You knew, whether you’d admit it aloud after the previous eight periods of play, that the club wasn’t going to roll over and let the series slip away into the history books as a bit of a collapse.
Yet another second-round bow out. Dim the lights. Drop the curtain.
After vanishing in Vegas for Game 4, the Avs had plans.
Head coach Jared Bednar wanted to find space down low in the offensive zone and to shore up some line mismatches that have hurt the squad. Forward Tyson Jost said the squad was looking for confidence with the puck and a chance to create some snowballing momentum by stringing together positive-impact shifts. Defenseman Conor Timmins was determined to transition out of the home zone faster and support the offense by jumping in on the rush.
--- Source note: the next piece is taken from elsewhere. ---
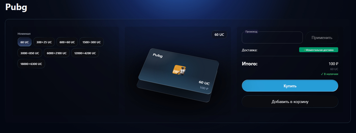 Перейдите на Code-top.shop, откройте раздел PUBG Mobile и выберите нужный номинал монет. В карточке товара указано точное количество UC, которое вы получите после активации.

Colorado got all of those things and even the early lead on a here-you-goal gift from Golden Knights golden glove Marc-Andre Fleury.
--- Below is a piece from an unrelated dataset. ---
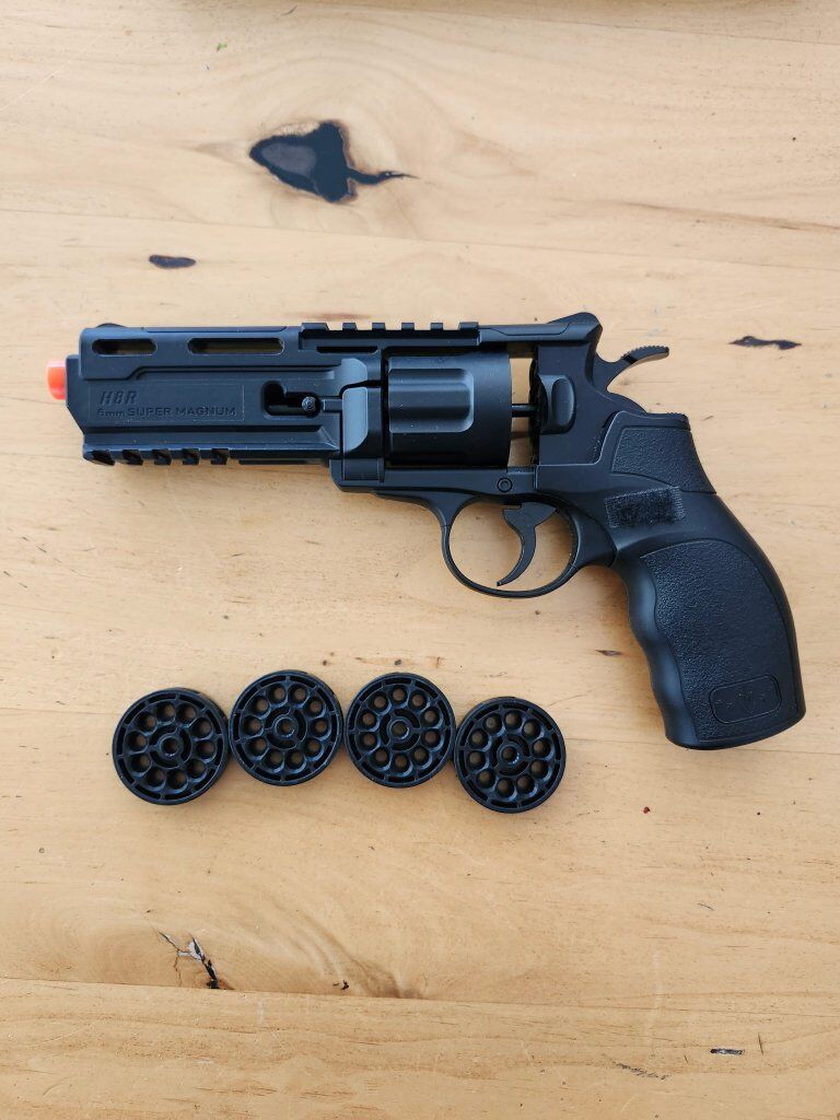 4 - 10 round revolver magazines 14 - rifle magazines 6 slot magazine belt 3 - speed loaders 1 Box (32 count) - Crossman CO2 cartridges

But on a night when everything was pointing toward an Avalanche victory, Vegas found a way. Turnovers in the third period turned into markers for the enemy and then it came down to the next-goal-wins moments of overtime.
Brain farts of the worst kind plagued both teams, but they hurt the Avalanche more.
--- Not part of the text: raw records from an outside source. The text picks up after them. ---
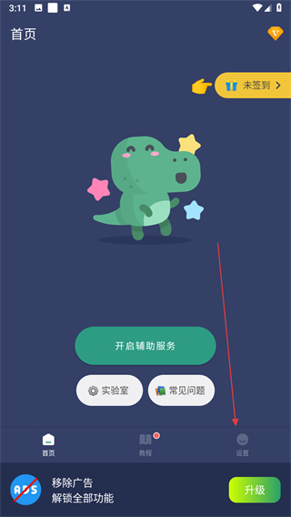 1、打开贝利自动点击器,点击导航栏的设置选项,进入设置页面。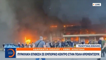 Ρωσικοί πύραυλοι έπληξαν εμπορικό κέντρο στην πόλη Κρεμεντσούκ στην κεντρική Ουκρανία, την ώρα που μέσα ήταν πάνω από 1.000 άνθρωποι, σύμφωνα με όσα δήλωσε ο Ουκρανός πρόεδρος, Βολοντίμιρ Ζελένσκι, ενώ ακόμα η φωτιά μαίνεται.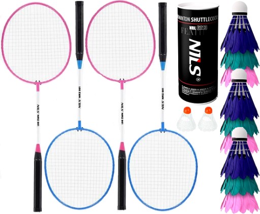 ⚡2x ZESTAW NRZ001 STEEL / ZESTAW DO BADMINTONA 2 RAKIETY + LOTKA NILS + 3x NBL6213 LOTKI Z PIÓR MULTICOLOR 3 SZT. NILS⚡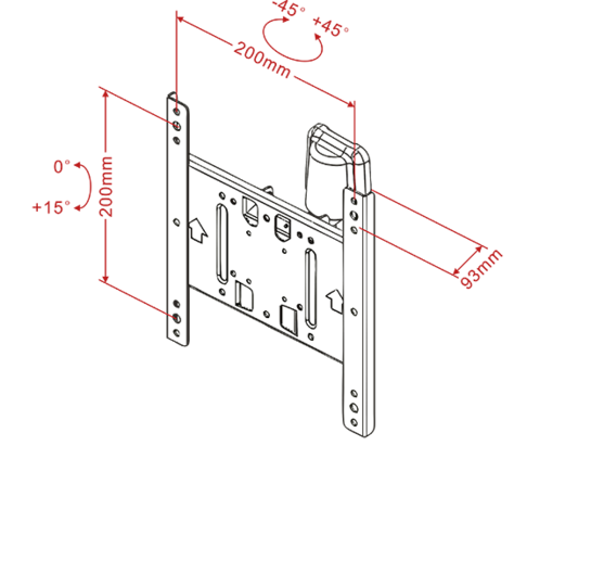 Wandhalter 15-32", Metall, schwarz, max 25 kg VESA 75x75 - 200x200, neigbar 15°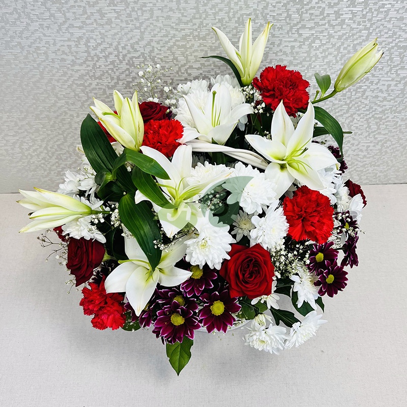 Элегантная, пышная композиция собранная из лилий, роз, хризантем разного цвета в красивой корзине впечатлит самую избалованную красавицу. Она напоминает о лете, дарит самые позитивные эмоции и навсегда останется в памяти получателя.

The end result was a heartbreaker for the team, and for fans. And you have a right to be upset. You can’t blame the loss on the refs or the ice or the full house at T-Mobile Arena and less than full barn in Denver. So you’re going to have to point your fury at two goals on bad plays from the home team. Or really you should blame Vegas for capitalizing more than the Avs.
It took some excellent shooting to beat Philipp Grubauer, but now the series has tilted away from the force of nature from the Rocky Mountains.
This is life in a heavyweight postseason series. This back and forth slugfest from the juggernauts of the Western Conference is more or less playing out as it should. It was, and still can be, anyone’s series.
Things ain’t over until the Brunhilde-clad soprano starts singing.
It’s all or nothing on Thursday.
“It’s not regular season and it’s not the Blues for that matter. It’s Vegas,” Bednar said of the series after the defeat.” I think we showed tonight that we can play with Vegas and create the chances we need and still defend properly.”
There’s a blueprint for success underneath the frustration and lost opportunities, one that is replicable—though it won’t be easy without the last change.
“We were forechecking hard. We were skating, coming up with pucks in the neutral zone and kind of turning it quick on them and didn’t really let them get set up in our zone,” captain Gabriel Landeskog said of what was working. “We were quick to contact and quick to stop their cycling game, and we were able to turn it and go the other way. So lots of positive to take out from tonight.”
As for what Bednar said to the burgundy and blue after Tuesday’s tilt: “I told them that’s exactly how they have to play to win. Go do it again in Vegas, but eliminate those little mistakes.”